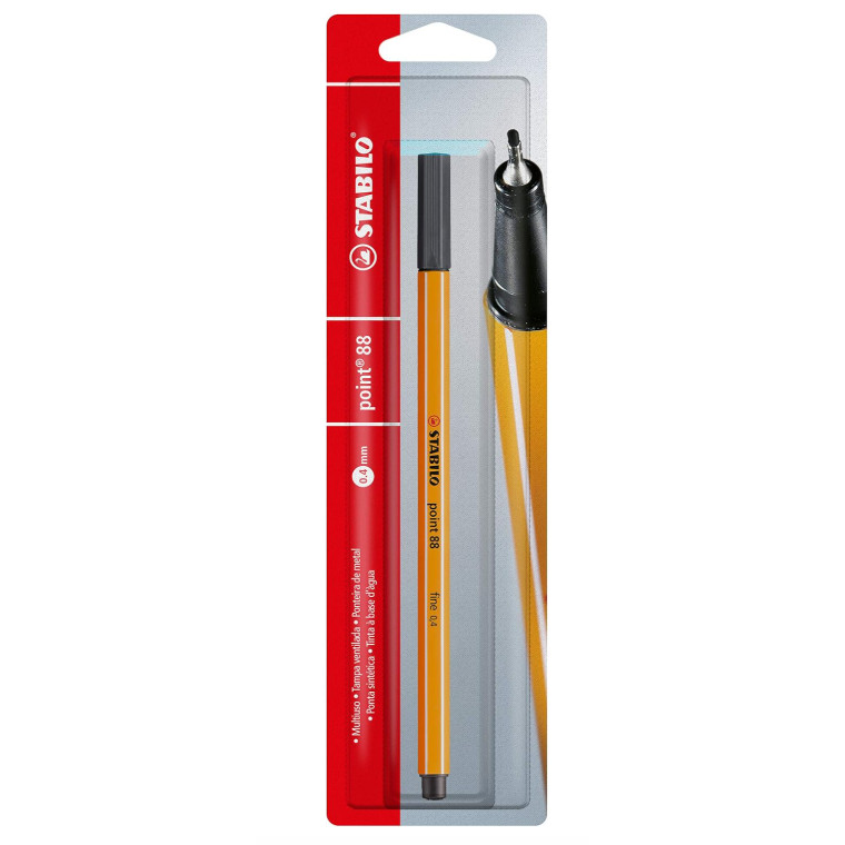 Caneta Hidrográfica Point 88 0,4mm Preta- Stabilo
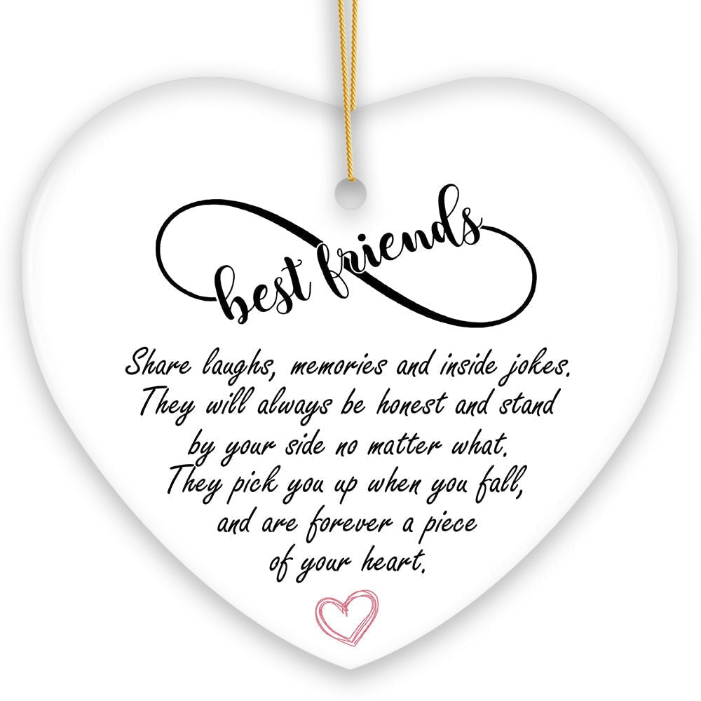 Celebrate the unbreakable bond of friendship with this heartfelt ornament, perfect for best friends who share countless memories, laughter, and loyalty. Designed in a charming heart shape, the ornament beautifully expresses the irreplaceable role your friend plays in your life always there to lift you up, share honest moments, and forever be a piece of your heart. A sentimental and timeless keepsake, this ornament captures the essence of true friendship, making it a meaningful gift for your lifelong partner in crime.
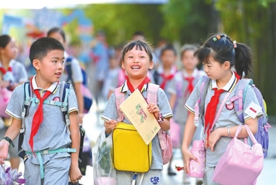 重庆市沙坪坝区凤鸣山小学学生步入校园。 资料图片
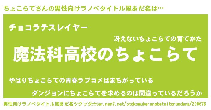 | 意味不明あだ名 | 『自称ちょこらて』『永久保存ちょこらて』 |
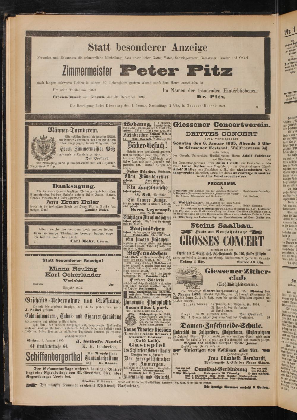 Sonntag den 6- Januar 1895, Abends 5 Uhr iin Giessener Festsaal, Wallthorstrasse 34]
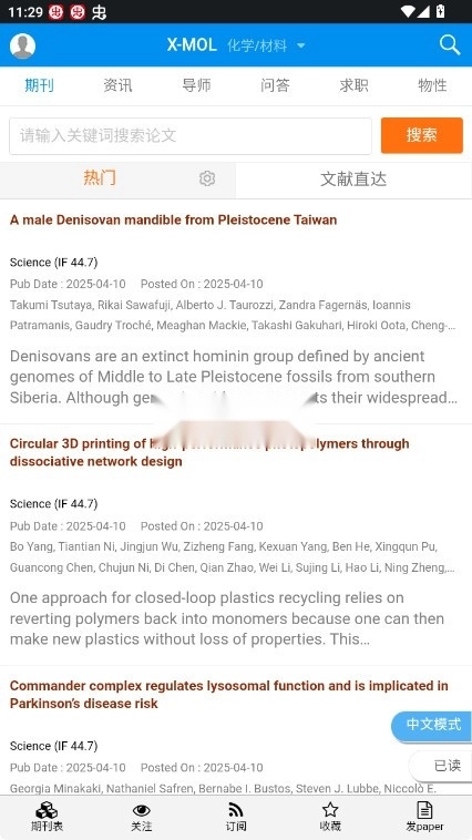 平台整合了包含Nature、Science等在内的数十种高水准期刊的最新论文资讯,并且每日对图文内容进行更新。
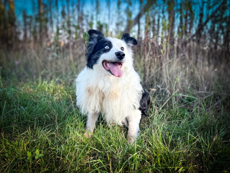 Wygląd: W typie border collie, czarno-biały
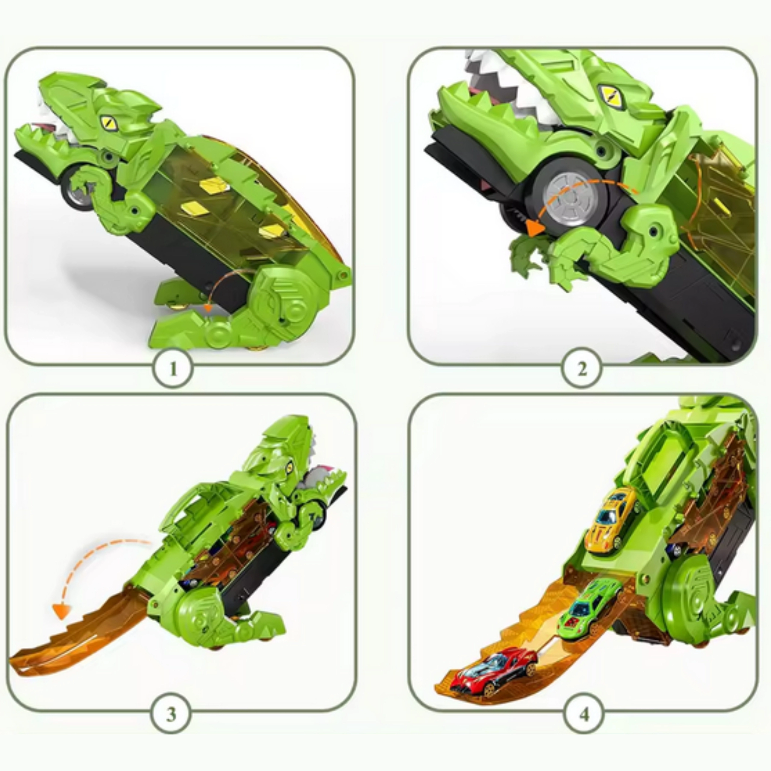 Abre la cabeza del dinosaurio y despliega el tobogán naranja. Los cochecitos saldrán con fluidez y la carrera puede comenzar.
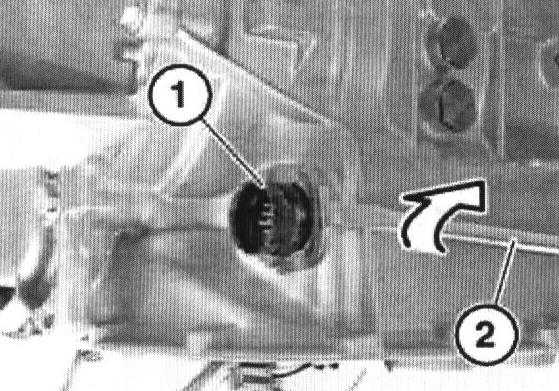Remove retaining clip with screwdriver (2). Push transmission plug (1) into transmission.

## Required action
Print all the entries again exactly as written, but without the pictures.

## Output of the exercise
 Caneta Hidrográfica Point 88 0,4mm Preta- Stabilo
 Celebrate the unbreakable bond of friendship with this heartfelt ornament, perfect for best friends who share countless memories, laughter, and loyalty. Designed in a charming heart shape, the ornament beautifully expresses the irreplaceable role your friend plays in your life always there to lift you up, share honest moments, and forever be a piece of your heart. A sentimental and timeless keepsake, this ornament captures the essence of true friendship, making it a meaningful gift for your lifelong partner in crime.
 重庆市沙坪坝区凤鸣山小学学生步入校园。 资料图片
 | 意味不明あだ名 | 『自称ちょこらて』『永久保存ちょこらて』 |
 Sonntag den 6- Januar 1895, Abends 5 Uhr iin Giessener Festsaal, Wallthorstrasse 34]
 平台整合了包含Nature、Science等在内的数十种高水准期刊的最新论文资讯,并且每日对图文内容进行更新。
 Wygląd: W typie border collie, czarno-biały
 Abre la cabeza del dinosaurio y despliega el tobogán naranja. Los cochecitos saldrán con fluidez y la carrera puede comenzar.
Remove retaining clip with screwdriver (2). Push transmission plug (1) into transmission.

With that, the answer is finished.